- What the task requires: Skip every picture and copy only the lines from the one containing "Chế tác thủ" to the final line of the records below.

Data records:
________________________

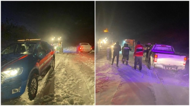 Ekiplerin çalışmasıyla bölgeye giden yolun açılmasının ardından mahsur kalan 3 araçtaki 16 kişi kurtarıldı.
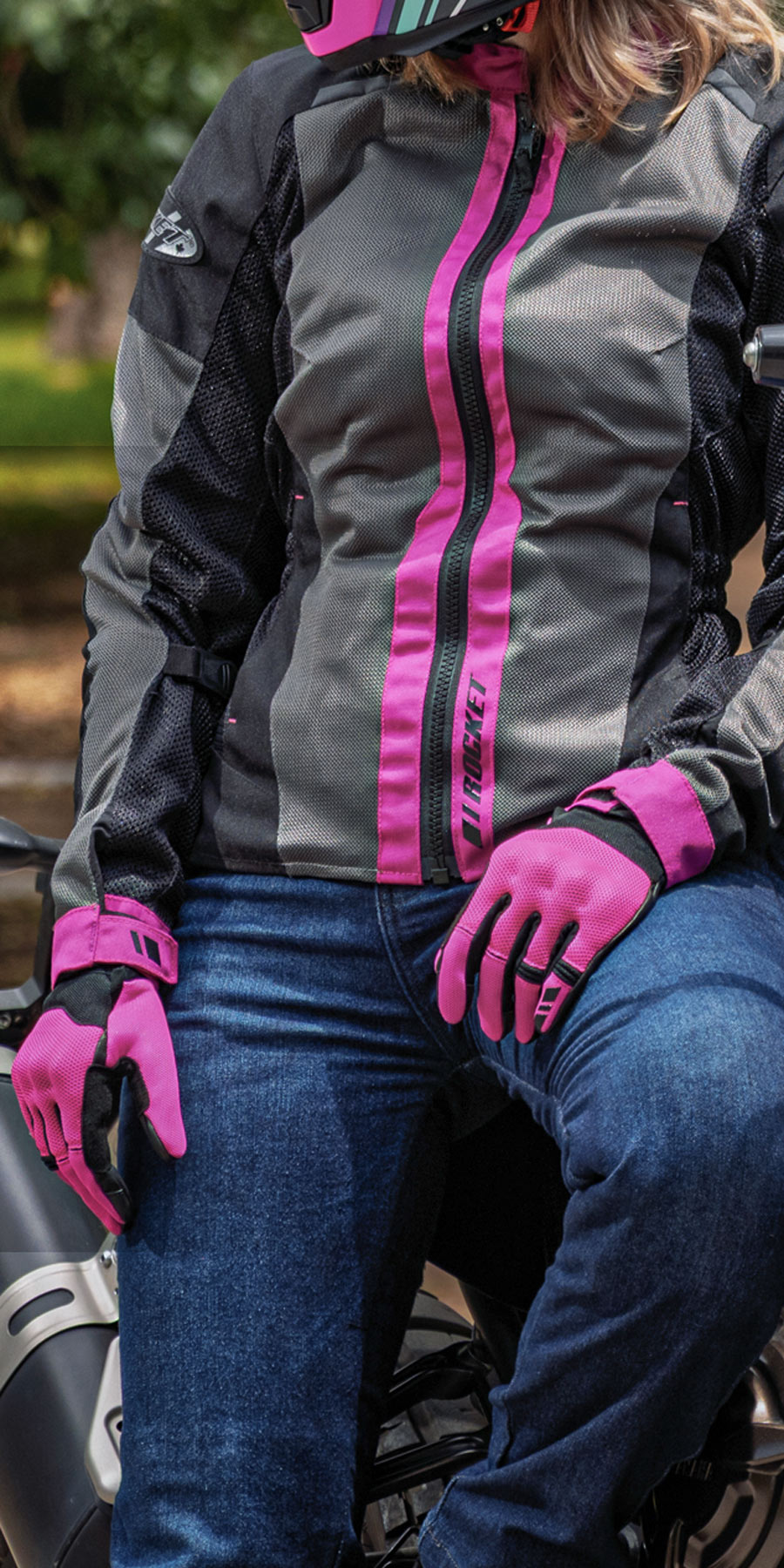 Designed for warm-weather riding, the Joe Rocket Canada® Stratos™ women's mesh motorcycle gloves are built with a Free-Air™ mesh outer shell that provides maximum airflow to keep hands cool on hot rides. The hidden knuckle protector adds impact protection without adding all the bulk, while the premium leather palm allows for a durable grip.
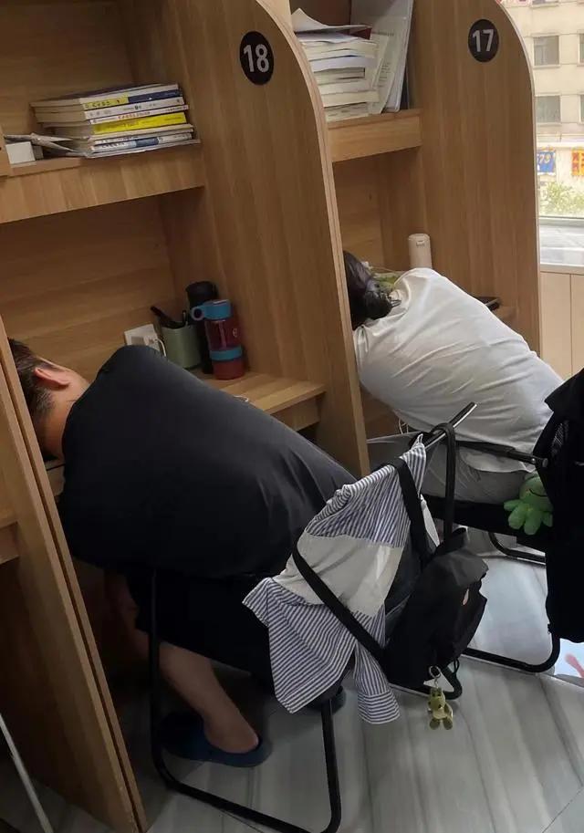 ▲兩位備考年輕人正在自習(xí)室睡覺
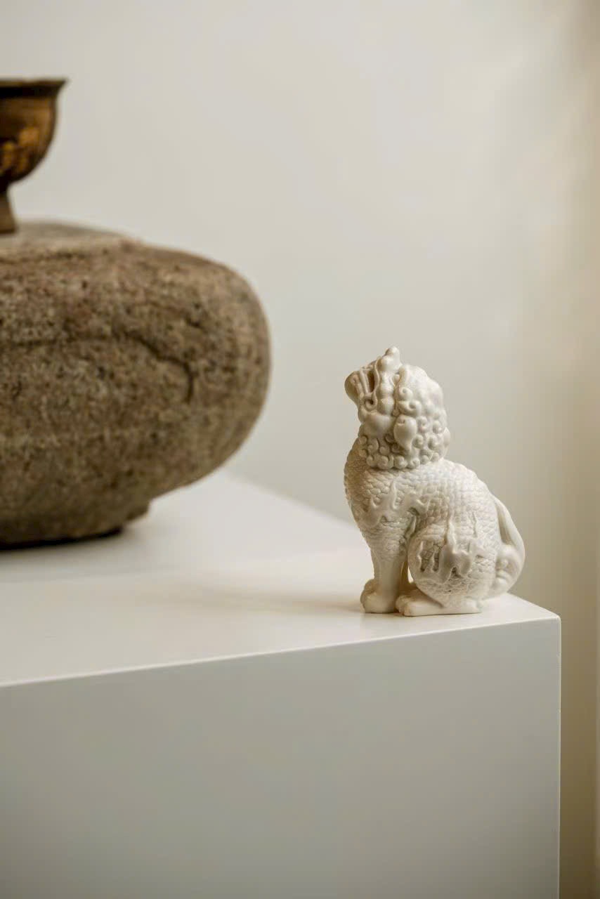 Chế tác thủ công tinh xảo, đôi mắt tròn mở lớn, khí thế hùng bá. Thân ngồi chồm hướng lên, chân mạnh mẽ như muốn cưỡi mây bay thẳng trời cao. Uy võ át trời, dáng như phun lửa nuốt vàng, không giận tự oai. Đường nét căng tràn lực đạo, thần thái cổ dị mà sinh động, thích hợp sưu tàng lẫn thưởng lãm.
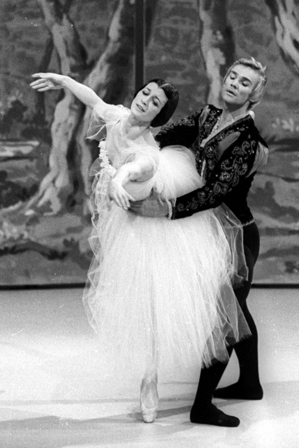 Vladimir Vassiliev, bailarino russo, e Carla Fracci apresentando ‘Giselle’ em Roma, Itália, em março de 1972. — (Foto: Stringer/Ansa/AFP)
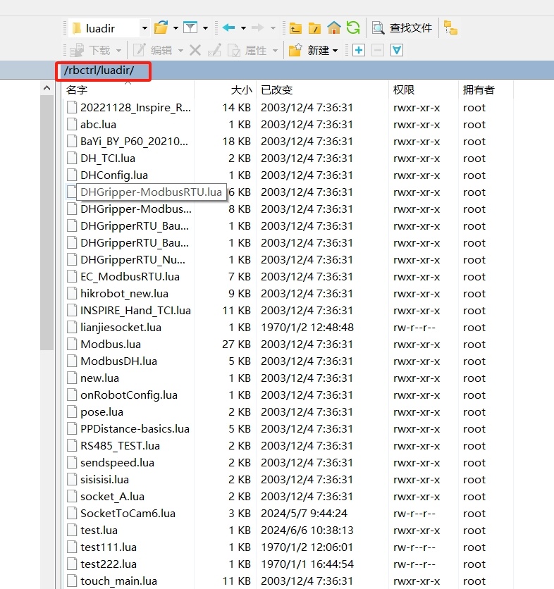 在rbctrl/luadir文件目錄下,是機(jī)器人的腳本文件,腳本語言是lua

________________________

- Answer to this exercise:
 Chế tác thủ công tinh xảo, đôi mắt tròn mở lớn, khí thế hùng bá. Thân ngồi chồm hướng lên, chân mạnh mẽ như muốn cưỡi mây bay thẳng trời cao. Uy võ át trời, dáng như phun lửa nuốt vàng, không giận tự oai. Đường nét căng tràn lực đạo, thần thái cổ dị mà sinh động, thích hợp sưu tàng lẫn thưởng lãm.
 Vladimir Vassiliev, bailarino russo, e Carla Fracci apresentando ‘Giselle’ em Roma, Itália, em março de 1972. — (Foto: Stringer/Ansa/AFP)
 在rbctrl/luadir文件目錄下,是機(jī)器人的腳本文件,腳本語言是lua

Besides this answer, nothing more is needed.